Collected data:
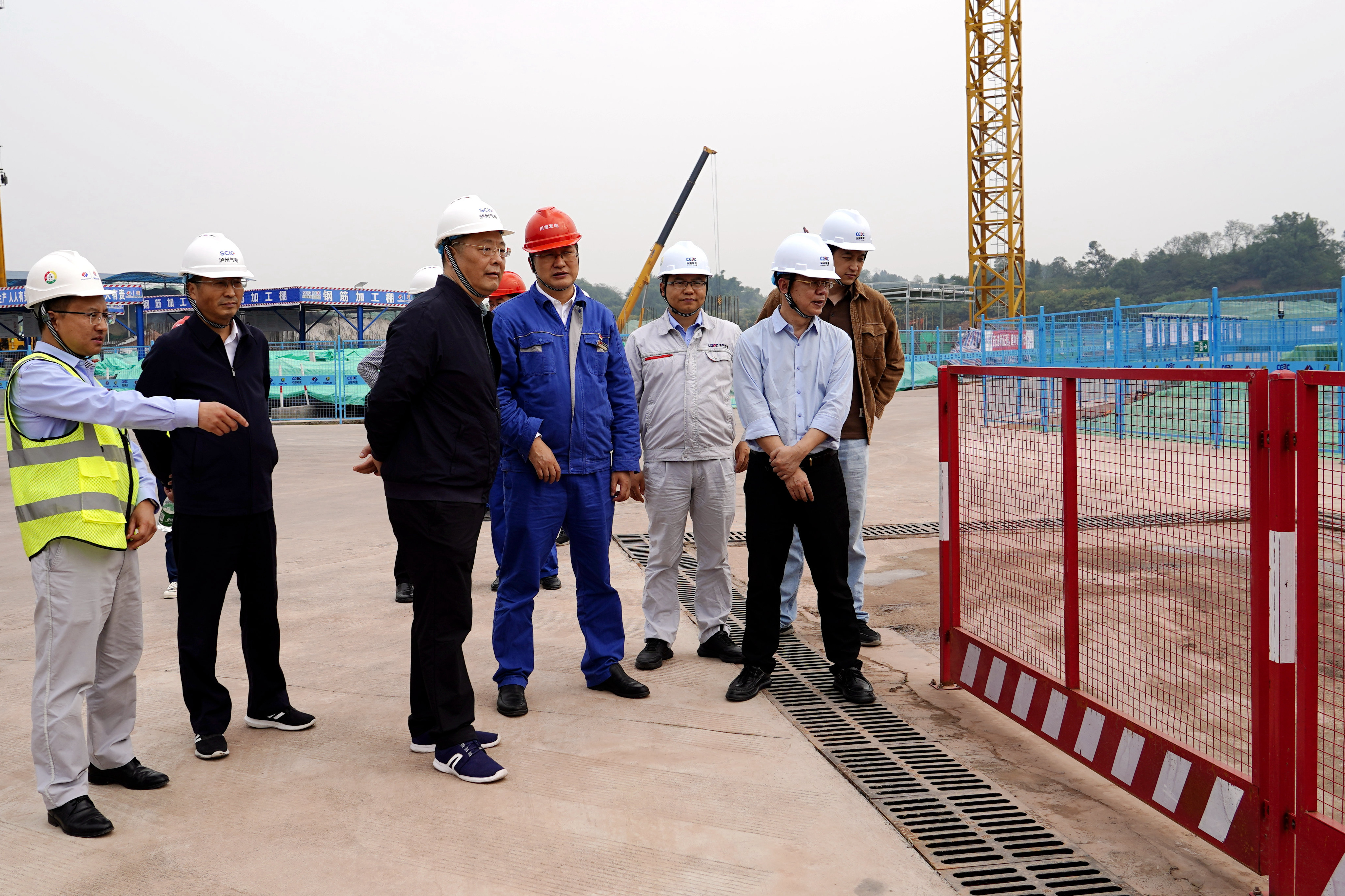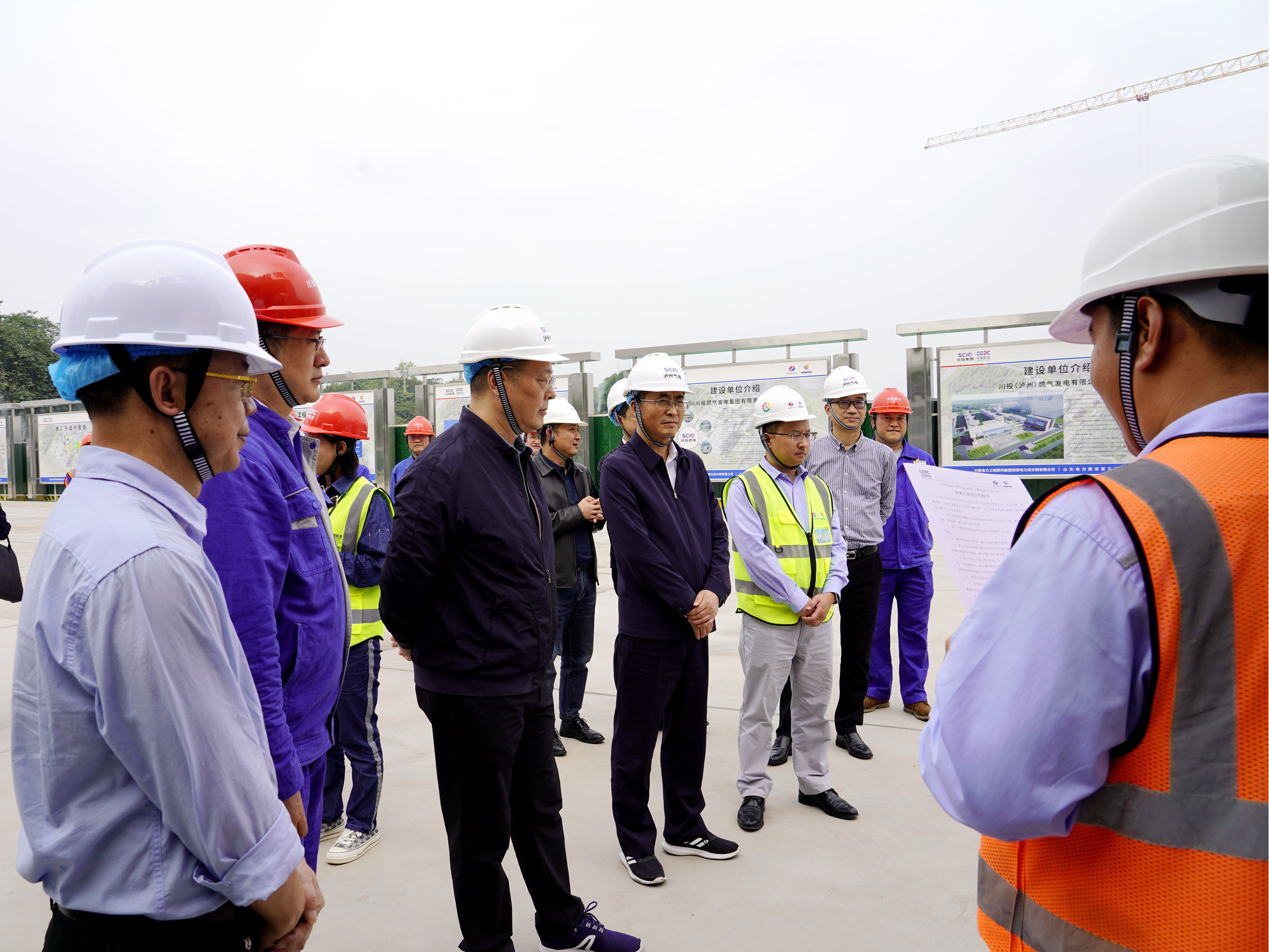 李文志一行深入川投泸州天然气发电项目现场,实地察看了项目主厂房、厂区道路等施工作业面,听取了泸州气电董事长、总经理刘胜金关于项目建设规划、工程进展、安全管理、合规管理、廉洁建设等工作情况的汇报。
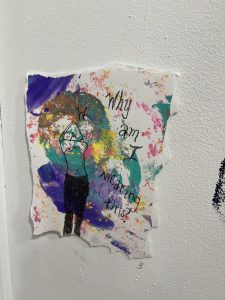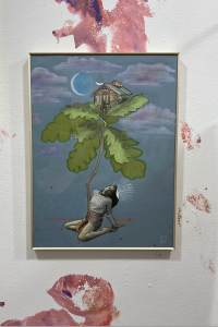 Indeed…a dark statement but an important, sad acknowledgement that should be more openly discussed–not just among women. Aesthetically, I love the brushstroke style, and how in the woman image, it almost looks like though the right hand becomes one with the vagina…obscurity and blending of meaning and perspective is provocative…Trilety’s other works in the show are more playful and fun (go visit to see!!). I believe I also met Trilety through my blog interview…and have been artsy comrades since…
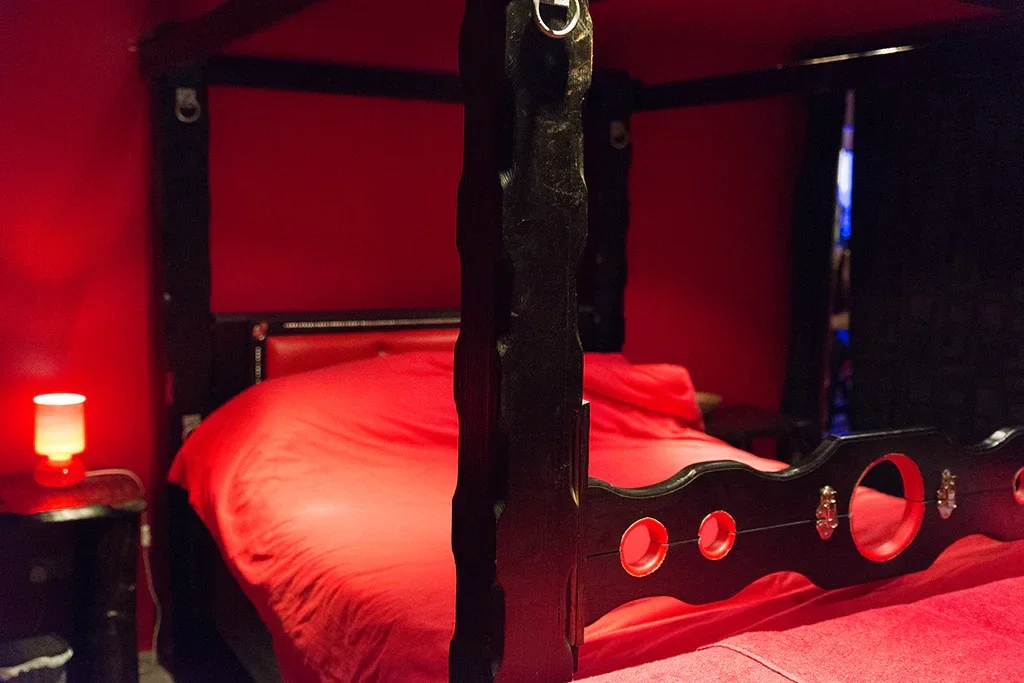 Al entrar, la atmósfera cambia: una iluminación tenue y precisa proyecta halos suaves y sombras dramáticas sobre las suntuosas superficies. Maderas oscuras, metales pulidos y terciopelos suntuosos se mezclan en armonía. Correas de cuero, sujeciones, bancos, jaulas y otros elementos están listos; cada pieza ha sido seleccionada con atención tanto a la estética como a la función. Cada detalle susurra una intención: desde el agradable sonido de la pesada puerta hasta el suave eco de pasos lejanos, cada matiz está diseñado para intensificar la concentración, la anticipación y la entrega.
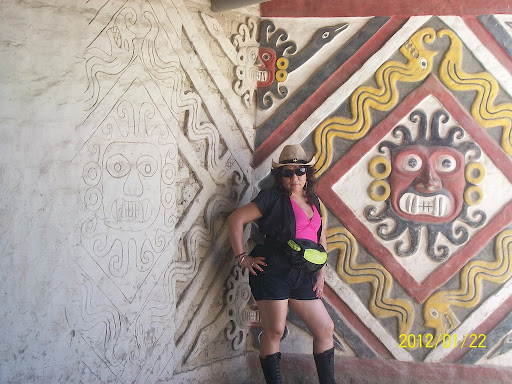 I spent some really interesting hours in the archaeological complex El Brujo. It covers thousands of years of uninterrupted human occupation. The complex is situated about 70 km north of Trujillo. It is about a 45 minutes drive from Trujillo and absolutely worth the trip. The latest excavations carried out at the pyramid called Huaca Cao have revealed a ceremonial site that is 1800 years old. It was built with the intention to bury a royal person. They found a mummified young female person. The condition of the mummy was so good that the could see tattooes on different parts of her body. We could see the body in the museum. She was called: La dama de Cao, (The Lady of Cao) and we could see a lot of artefacts and jewellery. After seeing the museum, we walked around in the huaca, and it was really interesting. This was the Moche culture, and I recommend reading about the Moche before you visit El Brujo. And it is also interesting to make a stop in the nearby village Magdalena de Cao. Lots of nice paintings on the walls...
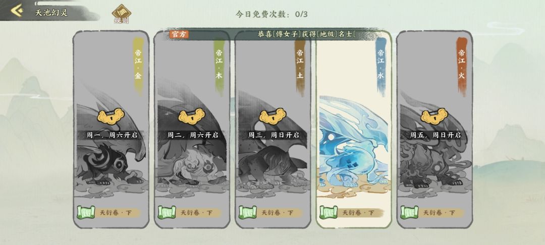 需要打“天池幻灵副本”,注意不同的“天池幻灵副本”的开放时间不同!

What the task requires »
When copying the data above, repeat every word exactly and drop the pictures.

Worked solution »
 李文志一行深入川投泸州天然气发电项目现场,实地察看了项目主厂房、厂区道路等施工作业面,听取了泸州气电董事长、总经理刘胜金关于项目建设规划、工程进展、安全管理、合规管理、廉洁建设等工作情况的汇报。
 Indeed…a dark statement but an important, sad acknowledgement that should be more openly discussed–not just among women. Aesthetically, I love the brushstroke style, and how in the woman image, it almost looks like though the right hand becomes one with the vagina…obscurity and blending of meaning and perspective is provocative…Trilety’s other works in the show are more playful and fun (go visit to see!!). I believe I also met Trilety through my blog interview…and have been artsy comrades since…
 Al entrar, la atmósfera cambia: una iluminación tenue y precisa proyecta halos suaves y sombras dramáticas sobre las suntuosas superficies. Maderas oscuras, metales pulidos y terciopelos suntuosos se mezclan en armonía. Correas de cuero, sujeciones, bancos, jaulas y otros elementos están listos; cada pieza ha sido seleccionada con atención tanto a la estética como a la función. Cada detalle susurra una intención: desde el agradable sonido de la pesada puerta hasta el suave eco de pasos lejanos, cada matiz está diseñado para intensificar la concentración, la anticipación y la entrega.
 I spent some really interesting hours in the archaeological complex El Brujo. It covers thousands of years of uninterrupted human occupation. The complex is situated about 70 km north of Trujillo. It is about a 45 minutes drive from Trujillo and absolutely worth the trip. The latest excavations carried out at the pyramid called Huaca Cao have revealed a ceremonial site that is 1800 years old. It was built with the intention to bury a royal person. They found a mummified young female person. The condition of the mummy was so good that the could see tattooes on different parts of her body. We could see the body in the museum. She was called: La dama de Cao, (The Lady of Cao) and we could see a lot of artefacts and jewellery. After seeing the museum, we walked around in the huaca, and it was really interesting. This was the Moche culture, and I recommend reading about the Moche before you visit El Brujo. And it is also interesting to make a stop in the nearby village Magdalena de Cao. Lots of nice paintings on the walls...
 需要打“天池幻灵副本”,注意不同的“天池幻灵副本”的开放时间不同!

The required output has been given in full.